Branding might be the most powerful part of creating visibility for your business, and it often represents the most significant and lasting investment (of everything from money to time to people) a company can make. So make it memorable and have fun!

expand your brand


Bubba is the Quality Logo Products mascot. He may have started out as "just a stress ball," but he's come a long way since the company's launch in 2003. Bubba has been immortalized in numerous vector artwork designs for internal and external promotions, and you can see him change outfits on the Quality Logo Products homepage whenever a holiday rolls around. Oh, and he thinks pants are for the birds. You can connect with Bubba on


  1. Anthony

    These are some great tips for anyone trying to promote themselves! There are a lot of times where some people like to jam a bunch of information on something so small and totally can take away the message of how you want others to see your business.

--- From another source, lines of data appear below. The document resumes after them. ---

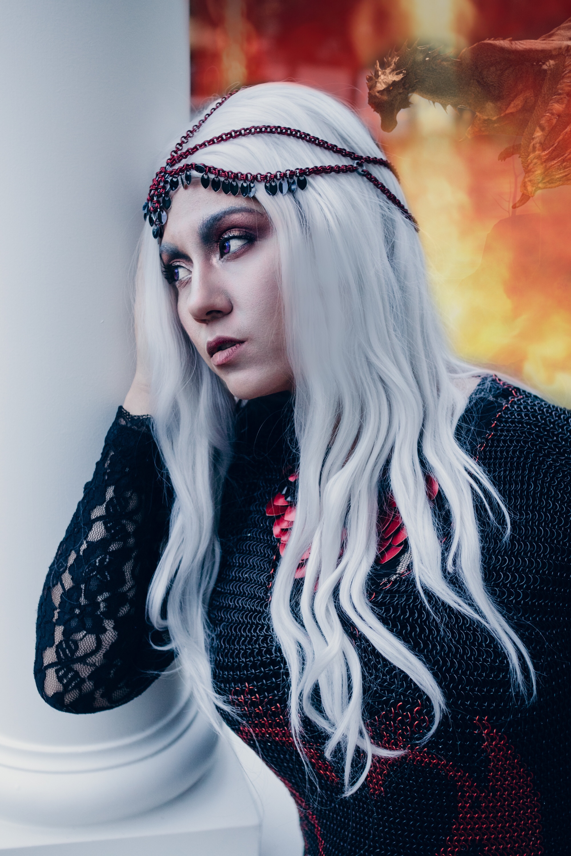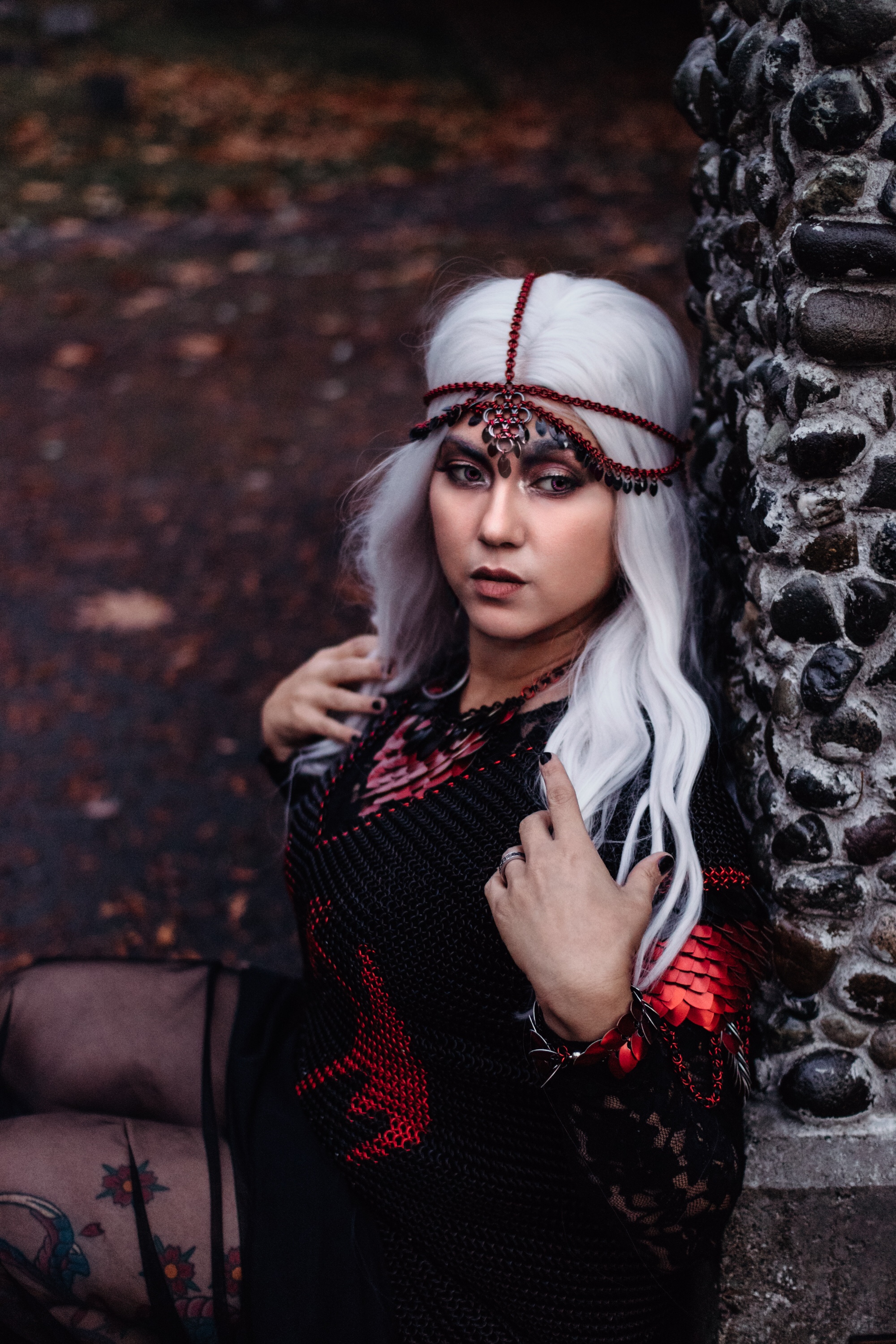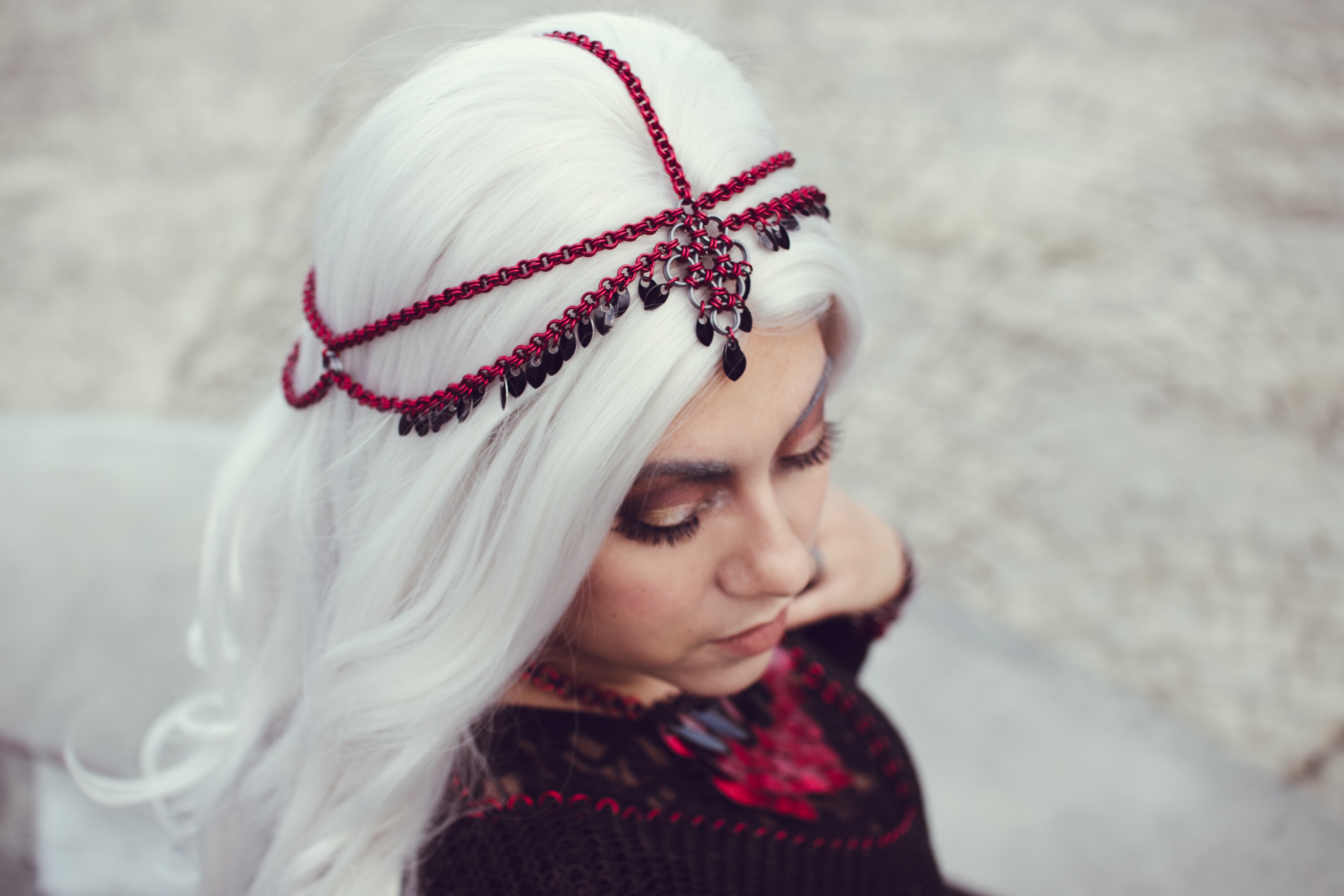 We can NOT get over this look! This is DragonHeart, finally modeled by its owner #aeonjane of #studiofrontstreet. As a professional photographer, it takes a little time to get the chance to step in front of the camera, but when you are this talented and beautiful, it’s worth waiting for. This was the first patterned shirt we ever made, and the drama of it shines in these photos. Right before the photo shoot, she asked us for a diadem, for a more royal look, and doesn’t she look incredible? We take credit only for the chainmaille – the photography, poses, EVERYTHING about these pictures is all thanks to Jane, #studiofrontstreet ! Incredible
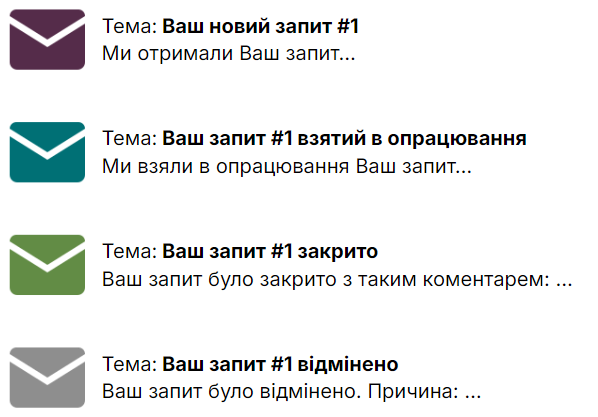 В ході опрацювання запиту Ви отримуєте сповіщення на пошту.
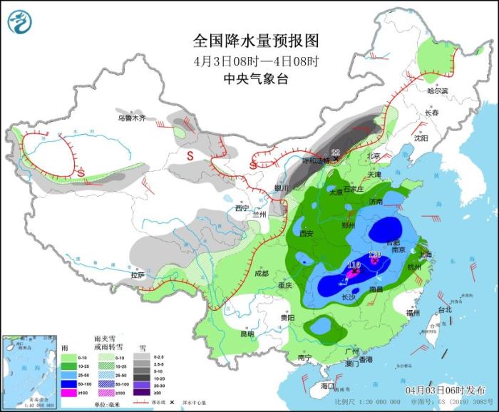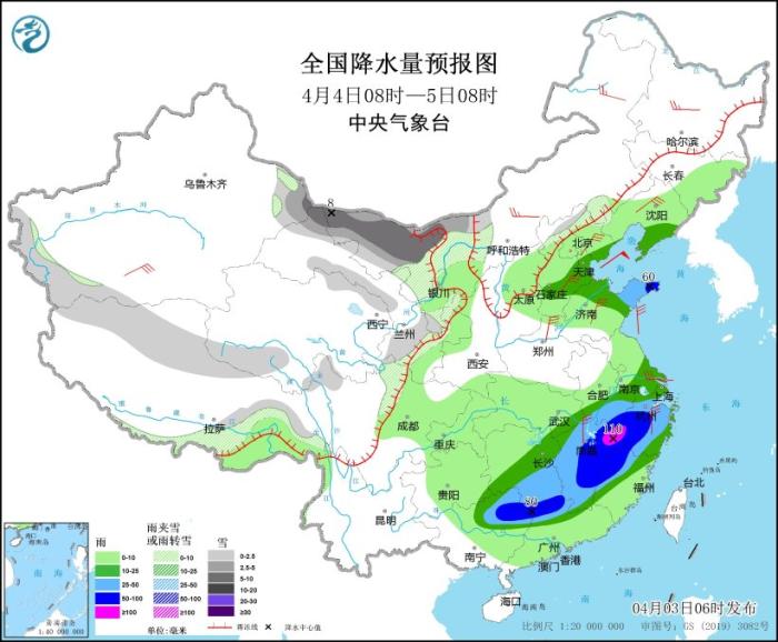 4月3日08時至4日08時,新疆南疆盆地和東部、西藏東部、西北地區(qū)中部和東北部、內(nèi)蒙古中部、川西高原北部、陜西北部、山西北部、河北北部等地部分地區(qū)有小到中雪或雨夾雪,其中,內(nèi)蒙古中部、河北西北部等地部分地區(qū)有大到暴雪,局地大暴雪(20~22毫米)。湖北東部和南部、湖南北部、江西北部、安徽、河南東部、山東南部、江蘇及陜西中部、山西中部、重慶北部、廣西東北部等地有大到暴雨,其中,安徽西南部、湖北東部、湖南北部等地部分地區(qū)有大暴雨(100~130毫米)。內(nèi)蒙古、東北地區(qū)西部、新疆南部、華北、黃淮、江淮等地部分地區(qū)有4~6級風(fēng),局部有6~7級風(fēng)(見圖3)。渤海、黃海西南部、東海西北部、長江口附近海域?qū)⒂?級、陣風(fēng)9級的大風(fēng),其中渤海灣將有9級、陣風(fēng)10級的大風(fēng)。
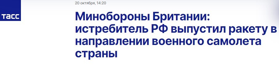 Минобороны Британии утверждает, что российский истребитель выпустил ракету в направлении британского военного самолета над Черным морем 29 сентября. Министр обороны Великобритании заявил, что обсудил с Шойгу инцидент с британским военным самолетом в районе Черного моря.

    The best way is to keep is simple and to have some sort of contact so that you can be reached by anyone who is interested. We love helping new businesses! It’s kind of our thing. Also a plus to have something creative (and we all know that can be difficult at some times) but just showing off a promotional item can be that extra mile for creative-ism.[My new made up word] 😉 Now get out there and slap a logo on a pen with a phone number and let everyone know that you are the real deal!!

  2. Greg

    Great tips! Keeping it simple goes a long way! I also think using the proper language is a big one! Making sure you are using correct grammar is a huge deal! If your not going to use the correct grammar, its just like saying I don’t care enough to spell or punctuate correctly!!

  3. Ashley

    This is an excellent walkthrough of the important pieces in branding a company. The steps depicted almost serve as a flow chart for everything your company needs to understand. Of all these commandments, some of them are pretty obvious, but others are overlooked way too often.

    I think the avoiding prefixes commandment is such a simple, yet necessary rule everyone should follow. I keep thinking of the scene in The Social Network when Sean Parker suggests Mark Zuckerberg to drop the “The” in “The Facebook” It seems like such a useless piece of business to worry about with a high-tech company, but “Facebook” sounds trendier, more concise, and therefore easier to market. I think the lower case letter works for eBay and Apple because it was unique at the time, another important commandment listed!

    However, sometimes the most obvious of the commandments are the ones you want to focus on and make sure you don’t overlook, too. This way, you leave no stone unturned. Kinda like how getting promotional goods for your company is such an obvious necessity to get your company’s name and information in the hands of so many people. Yet, there are still companies out there that miss out on the beautiful branding opportunities of promotional products. Crazy, right?…Great list, Bubba!

  4. Jon

    I love the graphic on this – it follows my favorite rule on the list – Keep it simple.Nothing is worse than having a great message that is too small for the customer to see or one where necessary info gets lost in the shuffle.

    if there were a 11th commandment, I would suggest – make it fun … the 10 tips above if done correctly will probably already make it exciting if it needs to be – but people will remember something novel too. A small play on words, or giving away something a little silly goes a long way to having a lasting impression on a customer (think about the best commercials you have seen – they are usually the ones you laughed really hard at right? and you usually remember who made them … same thing here)

  5. Angie

    These are great tips. Now if we can get more people to follow them. I would also like to suggest that when creating a full color company logo, be sure to also create a one-color version. The full color version might look great on business cards, but it’s not going to work for most promotional items.